- **Problem statement**
Your answer must be only the lines below from the one containing "1. Idő kapszula elhelyezése" through the one containing "13 San Nicola, Bari. Cattedra di Elia.", copied exactly, with the pictures left out.

- **Dataset items**
▬▬▬▬▬▬▬▬▬▬

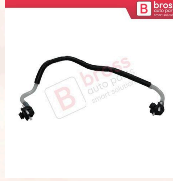
BHC635 Mercedes Sprinter Vito İçin Dizel Yakıt Ara Hortumu 6110702032
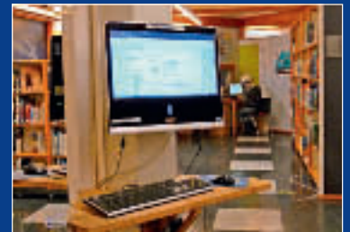
Publikumsmaskiner med pålogging og karantenetid, s. 6
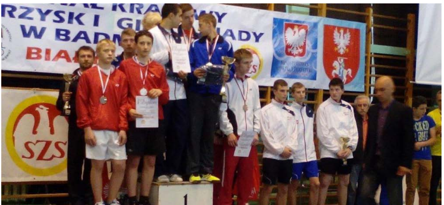
Wspólne zdjęcie sportowców biorących udział w finałach krajowych Gimnazjady dziewcząt i chłopców w badmintonie
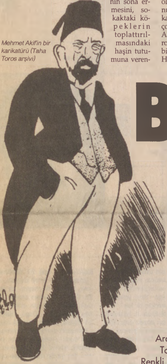
Mehmet Akif'in bir karikatürü
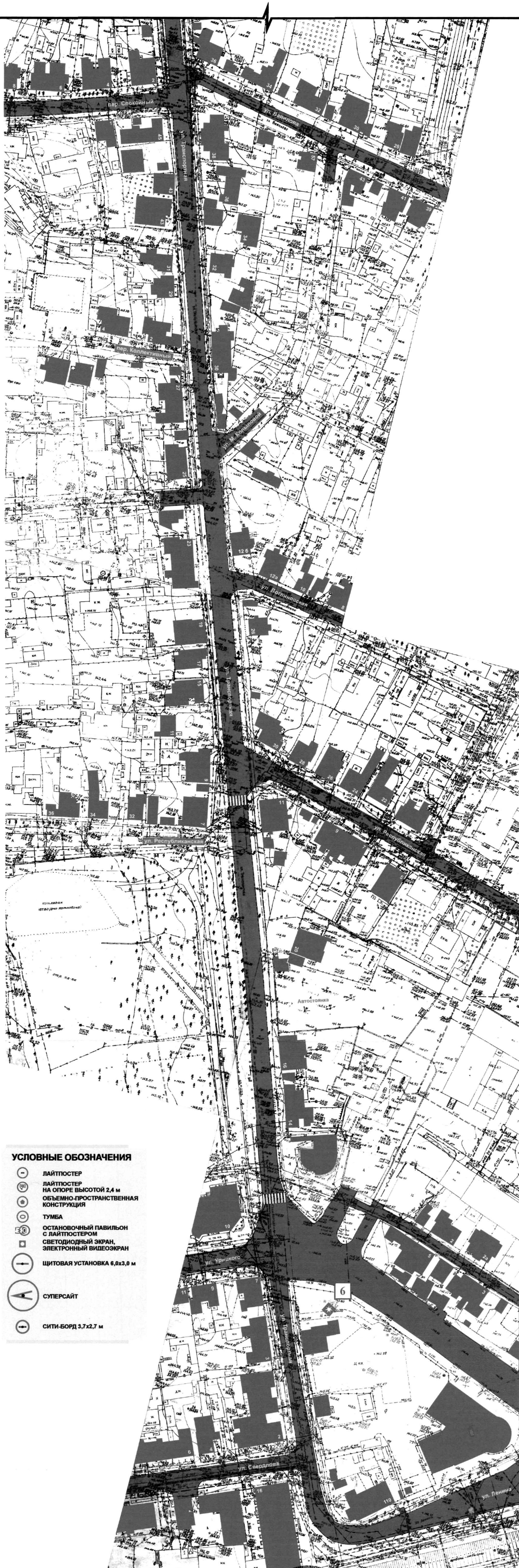
СХЕМА РАЗМЕЩЕНИЯ РЕКЛАМНЫХ КОНСТРУКЦИЙ НА ТЕРРИТОРИИ ГОРОДСКОГО ОКРУГА ГОРОД ВОРОНЕЖ ДЛЯ УЧАСТКА ТЕРРИТОРИИ: улица Транспортная М 1:1000
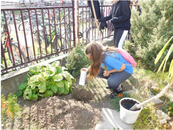
1. Idő kapszula elhelyezése
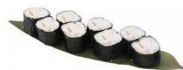
32. HOSO EBI con gambero* cotto € 5
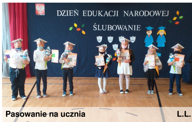
Pasowanie na ucznia
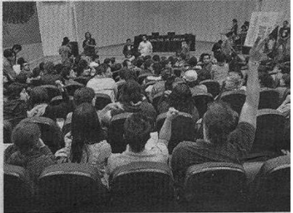
La asamblea se realizó en la Facultad de Ciencias de la UNAM.

Argumentaron que previo a la jornada electoral se documentó compra y coacción del voto, además de manipulación mediática para favorecer al priista.
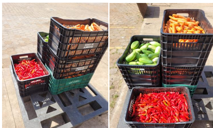
Distribuição para Entidades Sociais.
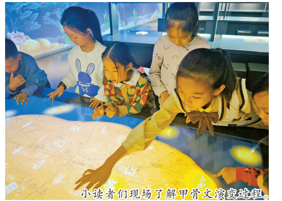
小读者们现场了解甲骨文演变的趣闻。
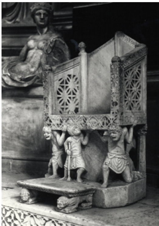
13 San Nicola, Bari. Cattedra di Elia.

Circa la teoria di Porter, aveva espresso le sue perplessità anche Pietro Toesca (1877-1962), che nel 1927 diede alle stampe il già ricordato volume Il Medioevo . Condividendo l'ipotesi di Wackernagel sulla possibile provenienza dello scultore dalla Francia meridionale, Toesca respinse le parentele stilistiche di Porter ancorate alla data del 1098, parlando piuttosto di analogie spiegabili con la «comune derivazione da prototipi classici» e assegnando al Maestro, con l'impareggiabile acutezza dello sguardo che lo contraddistingueva, anche il capitello della cosiddetta iconostasi di San Nicola 93 .
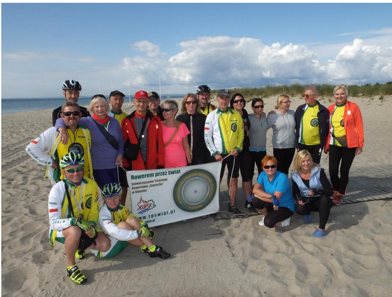
Fot.: 9 – Uczestnicy IV rajdu rowerowego „Go To Hel ze Szprychą” – 24.08.2014 r.

Źródło: Pomorskie! travel Muzeum Piąsnickie Wejherowo Turystyka
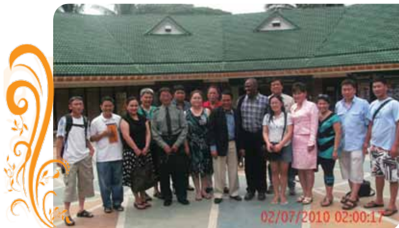
Зураг 75. Аялалын багийнхан Филиппин улсын Уул уурхайн яамны Эрчим хүч, байгалийн баялгийн газрын дарга болон холбогдох албаны хүмүүстэй уулзсан уулзалтын дараа

Туршлага судлах аялалын хүрээнд доорх чиглэлээр сайн туршлагуудыг судалж бичил уурхайчдын олборлолтын газраар зочилсон. Үүнд:
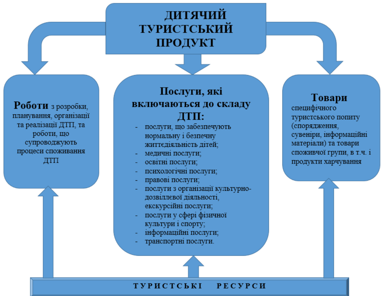
Рис. 2. Структурна схема дитячого туристського продукту

В статті пропонується розуміти під дитячим туристським продуктом - комплекс певної кількості та якості послуг і товарів, необхідних для задоволення потреб дітей при перебуванні в тому чи іншому туристському регіоні, заснованих на використанні місцевих туристських ресурсів і пропонується для реалізації за єдиною ціною (рис. 2).
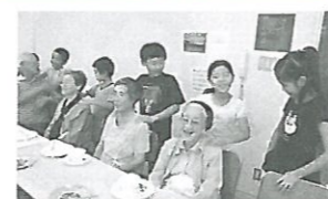
孫のような子どもたちと一緒に...

内容：「笑顔で健康なまち」下和泉地区は第3期泉区地域福祉保健計画で健康づくりに取り組みます。健康長寿を延ばすための場や機会を増やし、自分から挨拶して向こう三軒両隣の関係を深めましょう。
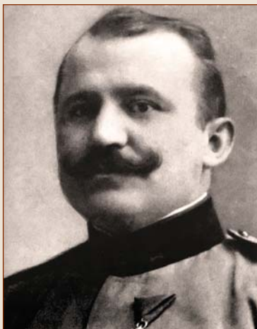
У тешким борбама на Грунишком вису погинуо је Војин Поповић – војвода Вук, командант Добровољачког одреда

Војни историчари и аналитичари закључују да је успех солунске офанзиве до ослобођења Битоља имао различите последице. За Српску војску је то био прави "морални тријумф". Успели су да ослободе 50 км државне територије и наставе рат на свом тлу. Ни за оне који су се налазили иза грчке границе, "туђина није била тако несношљива". Дабоме, савезницима ово није могло значити утеху за губитак Румуније. Протеривањем њене војске на руски простор (реку Серет), престао је да делује и основни мотив за Солунски фронт.
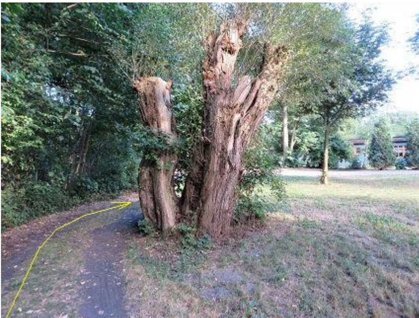
Rastplatz-Dreieck bei Zoogaststätte
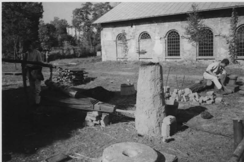
Pokazowy wytop żelaza w starożytnej dymarce w czasie festiwalu „Jarmark u Starzecha” w Starachowicach.
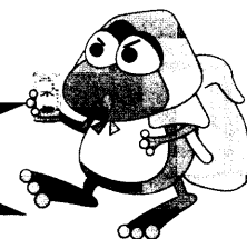
横浜市水道局キャラクター はまピョン
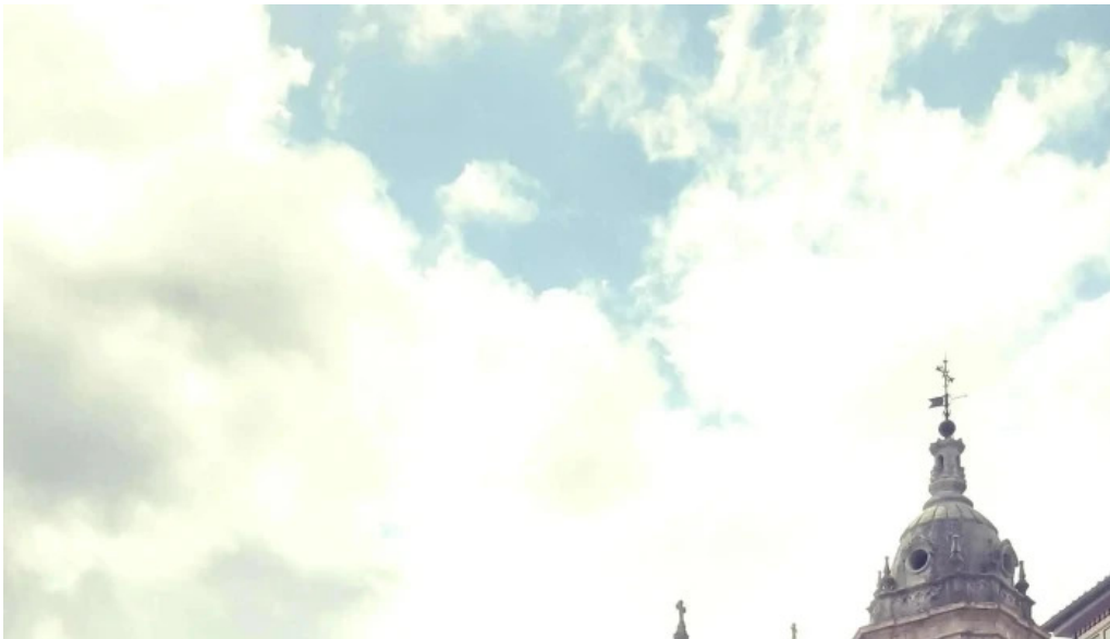
Iglesia basilica de la asuncion de maria santa maria opiniones
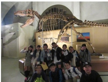
6年生修学旅行 静岡市清水区 東海大学自然史博物館
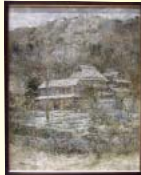
洋画「2011・雪」 足立 哲郎(朝来市)
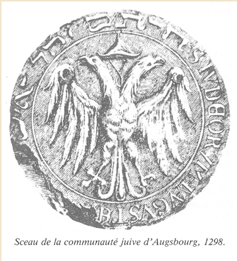
Sceau de la communauté juive d'Augsbourg, 1298.
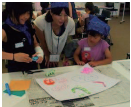
住民同士が教えあう教室
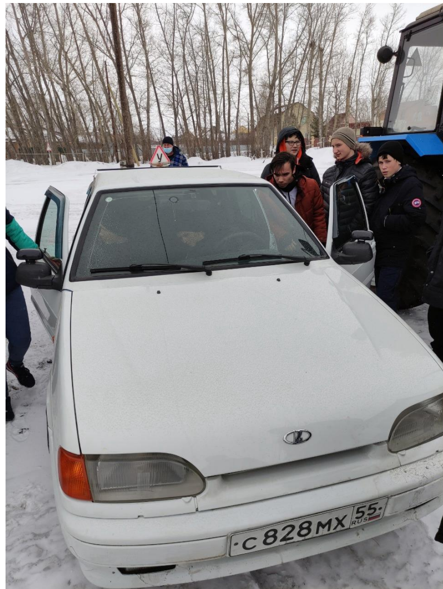
Профессиональная проба по вождению автомобиля 23.02.2022
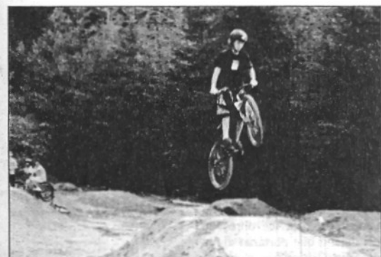
També es va fer celebrar una exhibició de Dirt Jump (L'ABM)

La Caminada a la llum de la lluna de Vallgorquina té uns 180 participants

▬▬▬▬▬▬▬▬▬▬

- **Solution**
1. Idő kapszula elhelyezése
32. HOSO EBI con gambero* cotto € 5
Pasowanie na ucznia
La asamblea se realizó en la Facultad de Ciencias de la UNAM.

Argumentaron que previo a la jornada electoral se documentó compra y coacción del voto, además de manipulación mediática para favorecer al priista.
Distribuição para Entidades Sociais.
小读者们现场了解甲骨文演变的趣闻。
13 San Nicola, Bari. Cattedra di Elia.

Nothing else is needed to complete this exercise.